THE TASK:
Give the data again exactly as written, without any of its pictures.

DATA SHOWN:
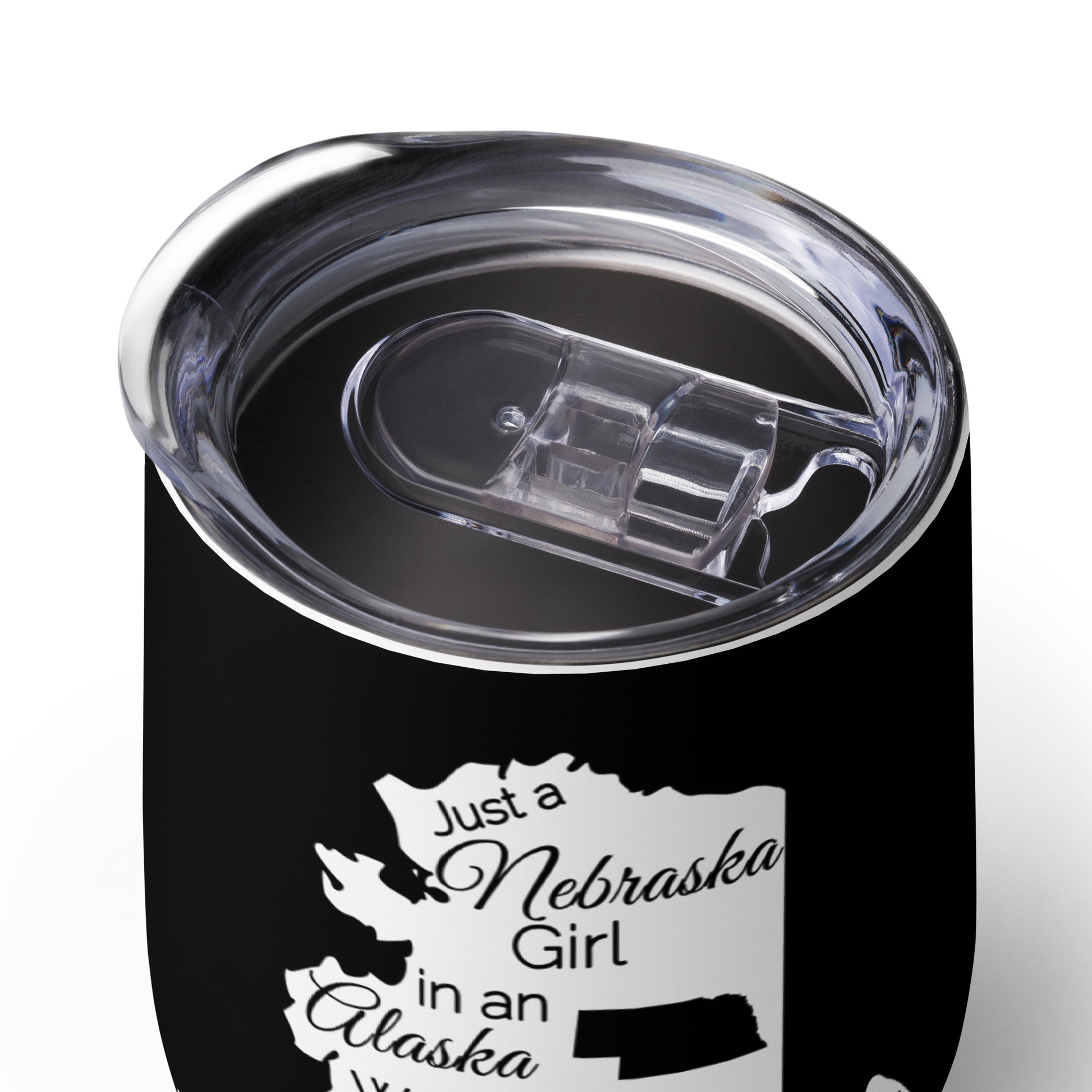 Show your pride in your home state with this wine tumbler showing Just a Nebraska Girl in an Alaska World. What’s an outdoor party without a wine tumbler to keep a drink fresh and at just the right temperature? Forget breakable glasses—give this uniquely shaped wine tumbler a chance and have fun with friends without worry.
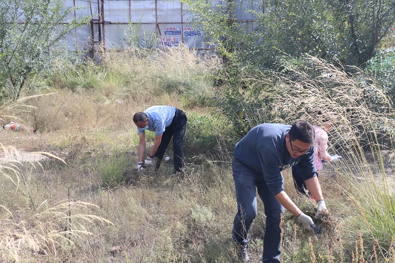 活動中,大家在張永同志的帶領下進行地毯式清除,大家戴手套、口罩、全副武裝,采取連根拔出和收割的方式徹底消除蒿粉傳播漂浮,切斷蒿粉過敏原并將拔出的蒿草及時清運,以免草籽散落再次生長。
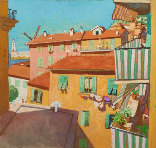 Although Gillies never formally belonged to the Scottish Colourists, he was significantly influenced by their work, particularly that of S. J. Peploe and Denis Peploe, whose works are included in the show. The exhibition explores the impact of these artists’ work on Gillies, as well as the St. Ives School, a mid-20th-century artists’ colony in Cornwall, England, which fostered artists like Wilhelmina Barns-Graham (also included in the “Modern Masters” show).
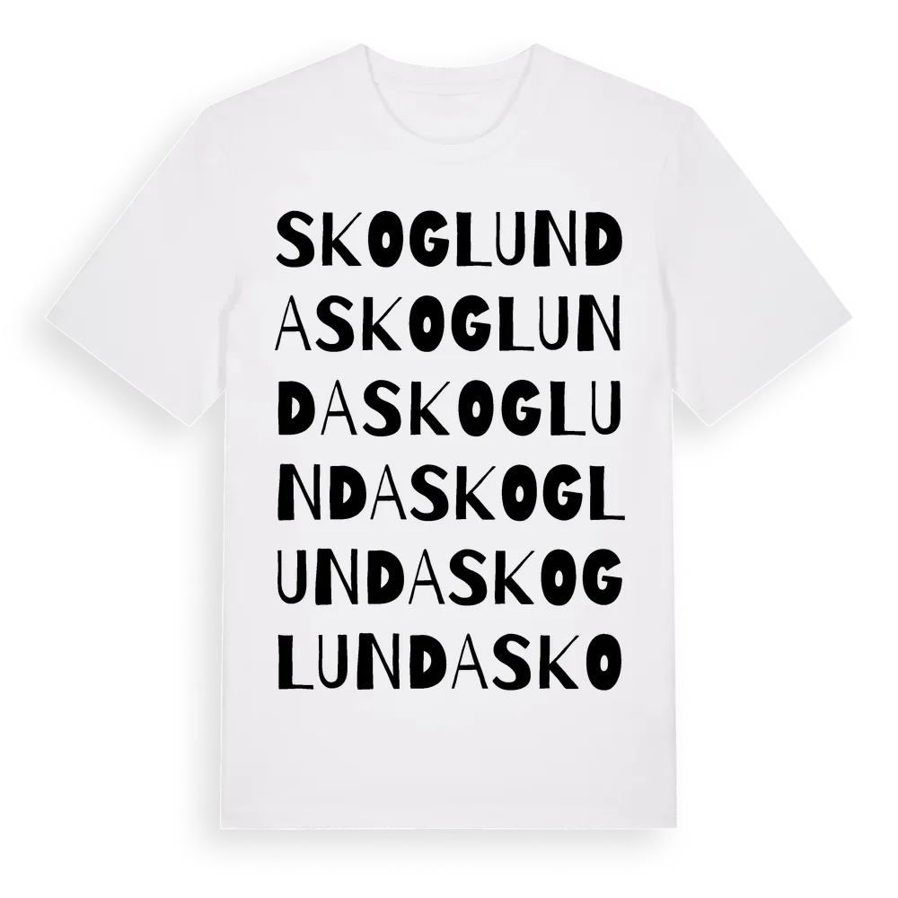 Skoglunda ordlek t-shirt är inspirerad av Skoglunda i Västerbottens län, Sverige. Tröjan är designad för dig som har en speciell koppling till platsen – oavsett om du bor här, har rötterna här eller bara älskar Skoglunda.

REPLY:
 Show your pride in your home state with this wine tumbler showing Just a Nebraska Girl in an Alaska World. What’s an outdoor party without a wine tumbler to keep a drink fresh and at just the right temperature? Forget breakable glasses—give this uniquely shaped wine tumbler a chance and have fun with friends without worry.
 活動中,大家在張永同志的帶領下進行地毯式清除,大家戴手套、口罩、全副武裝,采取連根拔出和收割的方式徹底消除蒿粉傳播漂浮,切斷蒿粉過敏原并將拔出的蒿草及時清運,以免草籽散落再次生長。
 Although Gillies never formally belonged to the Scottish Colourists, he was significantly influenced by their work, particularly that of S. J. Peploe and Denis Peploe, whose works are included in the show. The exhibition explores the impact of these artists’ work on Gillies, as well as the St. Ives School, a mid-20th-century artists’ colony in Cornwall, England, which fostered artists like Wilhelmina Barns-Graham (also included in the “Modern Masters” show).
 Skoglunda ordlek t-shirt är inspirerad av Skoglunda i Västerbottens län, Sverige. Tröjan är designad för dig som har en speciell koppling till platsen – oavsett om du bor här, har rötterna här eller bara älskar Skoglunda.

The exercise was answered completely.